Subject: Re: Meds for Kids

Written By: danootaandme on 06/03/06 at 1:16 pm





For psychiatric problems such as bipolarity, schizophrenia, severe depression, and various psychoses, pharmaceutical therapy must be part of the treatment. I have heard sundry Scientologists, naturopaths, and "mental health reformers" denounce ALL psychiatry as fraud.



Although a wouldn't wish this anguish an anyone(well most anyone), it would be nice to see a pic of Katie Holmes having a post partum episode all over Tom Cruises face.

Subject: Re: Meds for Kids

Written By: danootaandme on 06/03/06 at 1:23 pm


^ I think there definitely should be more support for non-pharmaceutical solutions for young people with behavioral problems. I despair that the schools and the adjunct mental health professional seem neither able nor willing to tackle the root causes. The child is not raised in a vacuum. The problems stem from dysfunctional families, school that really does suck, and cultural values toxic to kids. More excersize, better nutrition, and less toxic stimuli would go a long way.

On the other hand, you've got a kid from a severely dysfunctional family going to an underfunded public school, what do you do as the assigned mental health provider? You have limited resources. A lot of these familes are chaotic and clueless. They don't know what to do. Then you've got schools with barely enough funding to buy textbooks, let alone invest in a holistic approach.
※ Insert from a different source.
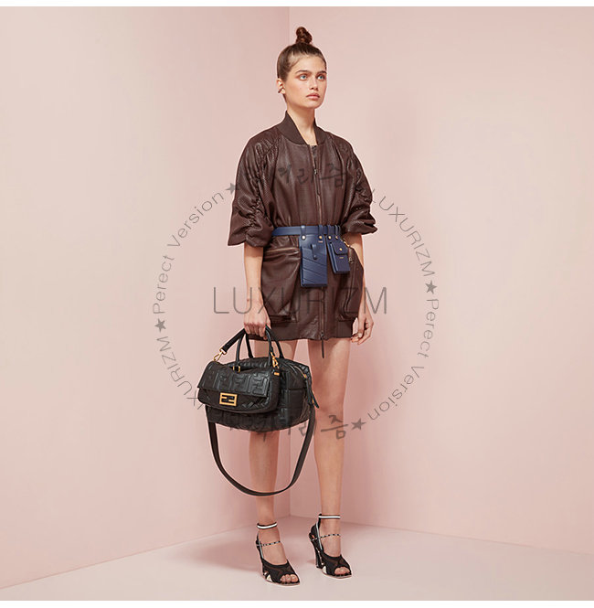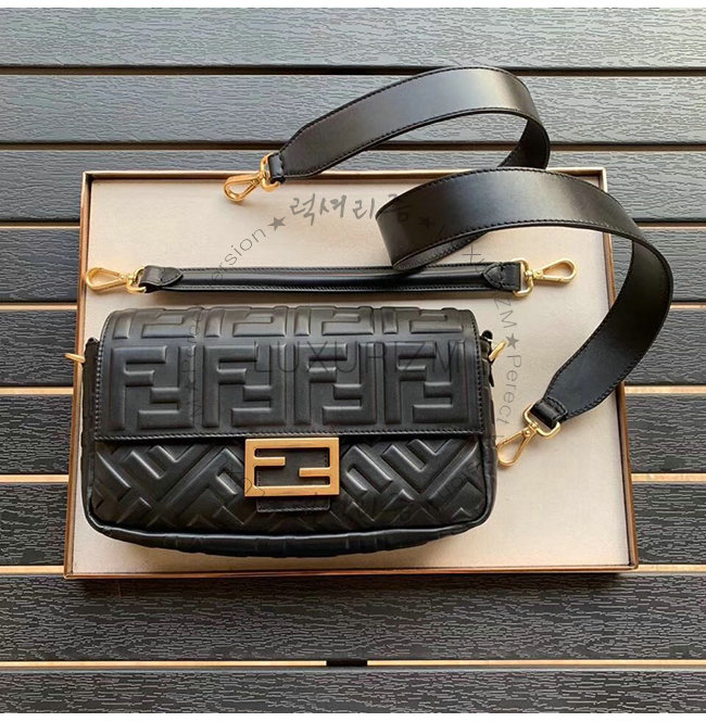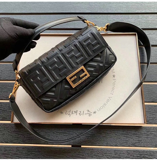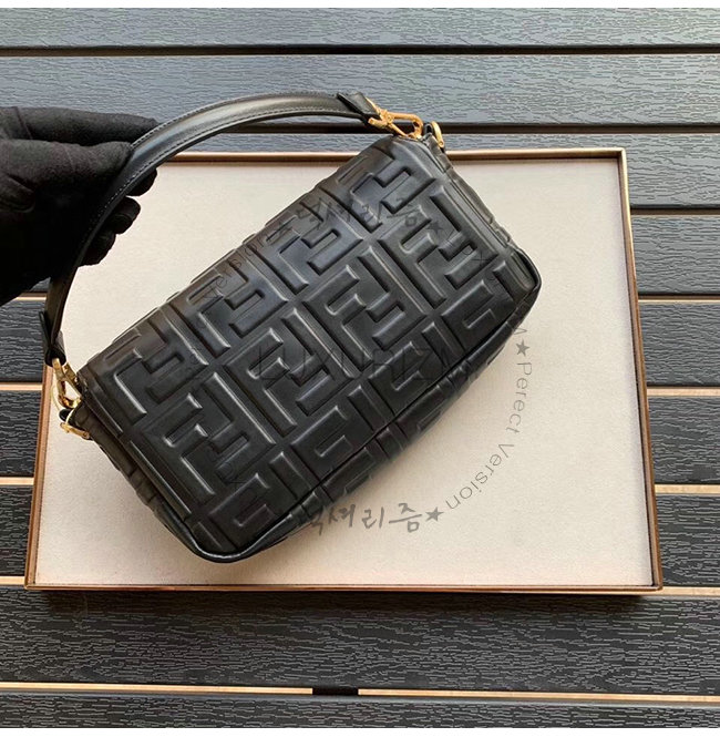 [스페셜오더]FENDI-8BR600 펜디 블랙 FF 모티프 양가죽 미디엄 바게트백

That holistic approach requires us as a society to actually give a damn about kids. We don't, just follow the money.




This ties in with the previous thread about the causes of prostitution.  We are seeing a generation of "Focus Factor" prozaced kids coming of age.  The ones who haven't been cared for, who have been overprescribed or underprescribed, are coming of age and the consequences to the well being of the nation could be serious. It is the first generation of  medically produced "1984" Epsilons

Subject: Re: Meds for Kids

Written By: velvetoneo on 06/03/06 at 1:24 pm

As someone who suffered from severe clinical depression and was prescribed Zoloft when I was like almost 11, I can say it did wonders for me and I was more able to deal with my problems after that. However, I think ADD and ADHD are about as overdiagnosed as anything can be, and Ritalin is harmful. People have been able to deal with "ADHD" forever without medication...I'm sick of people trying to make their kids perfect when alot of people just grow out of their preadolescent problems.
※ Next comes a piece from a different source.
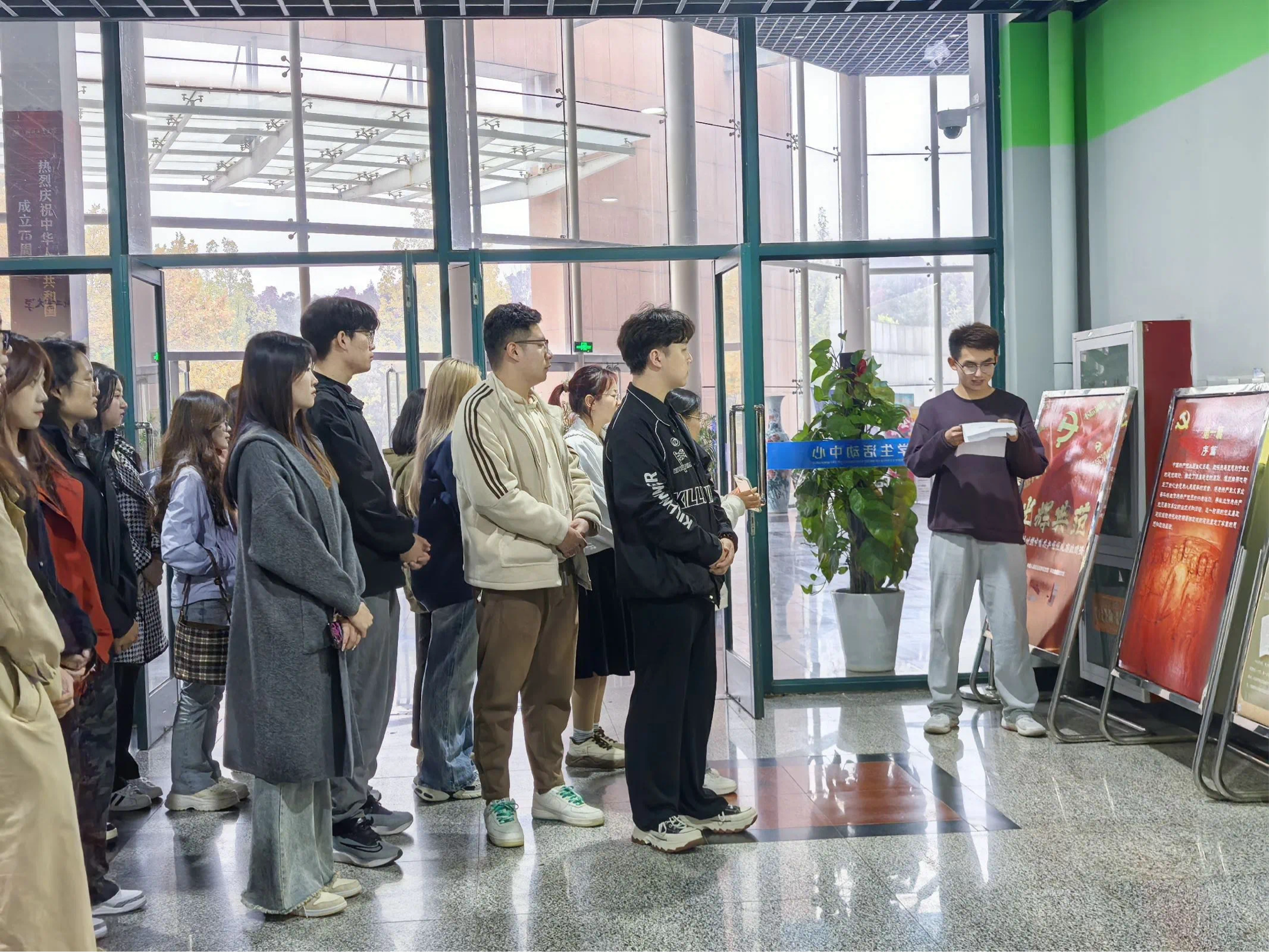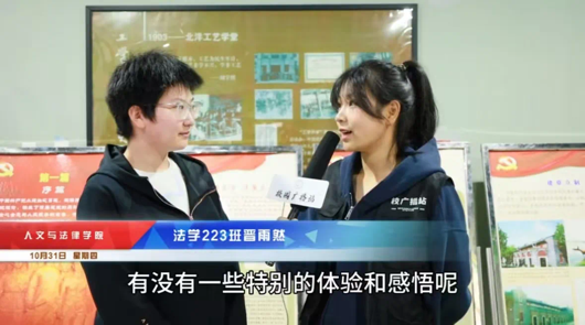 参观活动结束后,校广播站的工作人员对法学223班团支部的团支书刘智博,晋雨然、李佳钰三位同学进行了采访。

Subject: Re: Meds for Kids

Written By: Trimac20 on 06/03/06 at 1:26 pm


As someone who suffered from severe clinical depression and was prescribed Zoloft when I was like almost 11, I can say it did wonders for me and I was more able to deal with my problems after that. However, I think ADD and ADHD are about as overdiagnosed as anything can be, and Ritalin is harmful. People have been able to deal with "ADHD" forever without medication...I'm sick of people trying to make their kids perfect when alot of people just grow out of their preadolescent problems.


I had no idea, Jimmy  ;) ^

Zoloft, yeah, I think I took that two when I was about 13-14 to cure my Anxiety/lack of concentration in school. At one stage, my anxiety was so bad I could barely eat, and had problems sleeping. I've sort of had mixed experiences with meds - I tried dex-amphetamines and they sort of worked, but were a slightly unpleasant experience. Well, that's all I can really say.

Subject: Re: Meds for Kids

Written By: MaxwellSmart on 06/03/06 at 1:42 pm


This ties in with the previous thread about the causes of prostitution.  We are seeing a generation of "Focus Factor" prozaced kids coming of age.  The ones who haven't been cared for, who have been overprescribed or underprescribed, are coming of age and the consequences to the well being of the nation could be serious. It is the first generation of  medically produced "1984" Epsilons

I think you mean Huxley, "Brave New World."
Anyway, post partum depression is transient, though it can be tragic if not treated. Just look at the case of Andrea Yates!
:o

Tom Cruise protesteth too much. There's a guy who could benefit from some meds!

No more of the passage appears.